* **DATA BLOCK**:
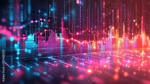 © jakapong, Obraz premium Innovative data visualization of financial trends in a tech-driven world
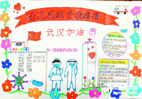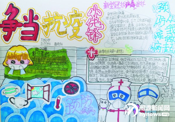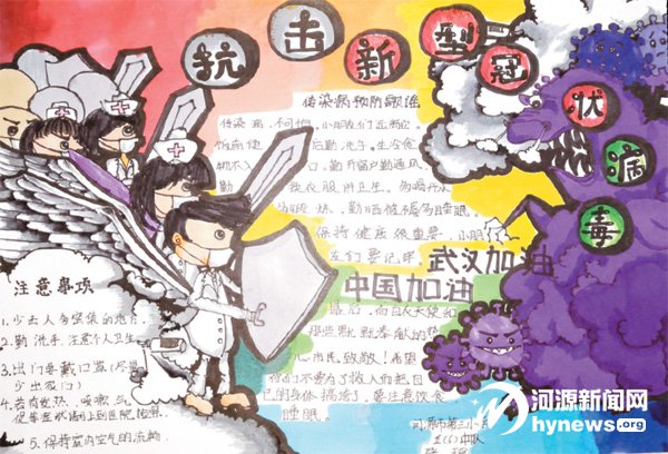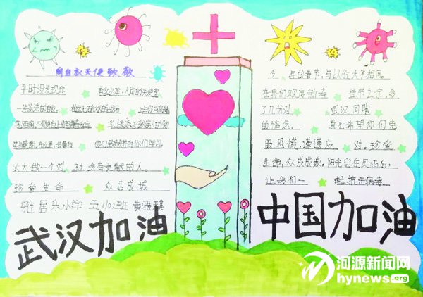 市二小、市三小、源城區下城小學、雅居樂小學等學校的少先隊員紛紛響應,積極行動,通過書法、繪畫、手抄報、視頻等方式宣傳防疫知識,向“逆行先鋒”致以崇高的敬意,用實際行動為打贏疫情防控阻擊戰貢獻自己的精神力量。
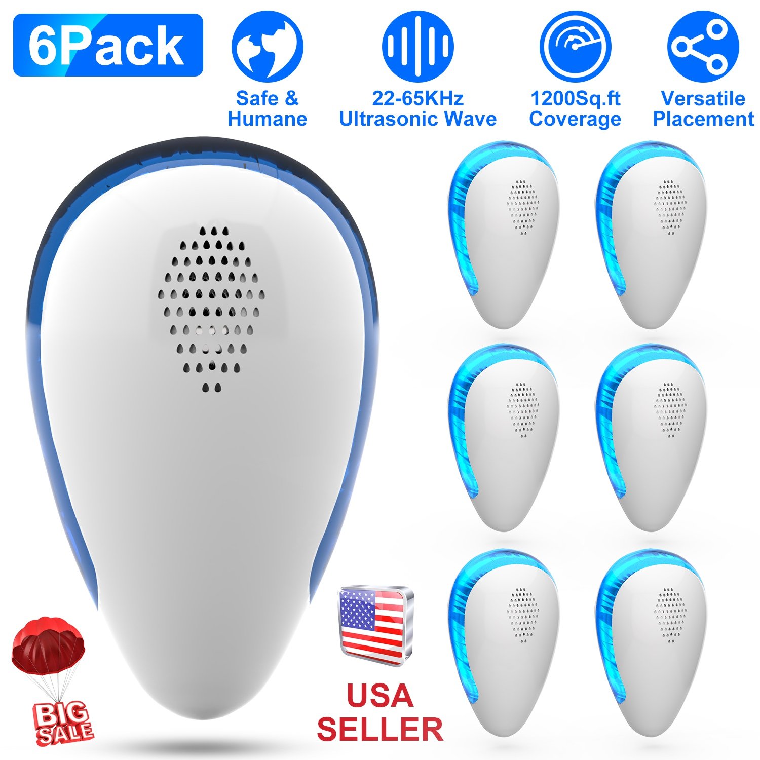 Home > 6 Pack Ultrasonic Pest Repeller Indoor Plug In Bug Repellent Mosquito Spider Ant Roaches Mice Control for Bedroom Garage Warehouse Office

* **ASSIGNED TASK**:
Every line of the data above should be quoted exactly. Omit the pictures.

* **RESPONSE BOX**:
 © jakapong, Obraz premium Innovative data visualization of financial trends in a tech-driven world
 市二小、市三小、源城區下城小學、雅居樂小學等學校的少先隊員紛紛響應,積極行動,通過書法、繪畫、手抄報、視頻等方式宣傳防疫知識,向“逆行先鋒”致以崇高的敬意,用實際行動為打贏疫情防控阻擊戰貢獻自己的精神力量。
 Home > 6 Pack Ultrasonic Pest Repeller Indoor Plug In Bug Repellent Mosquito Spider Ant Roaches Mice Control for Bedroom Garage Warehouse Office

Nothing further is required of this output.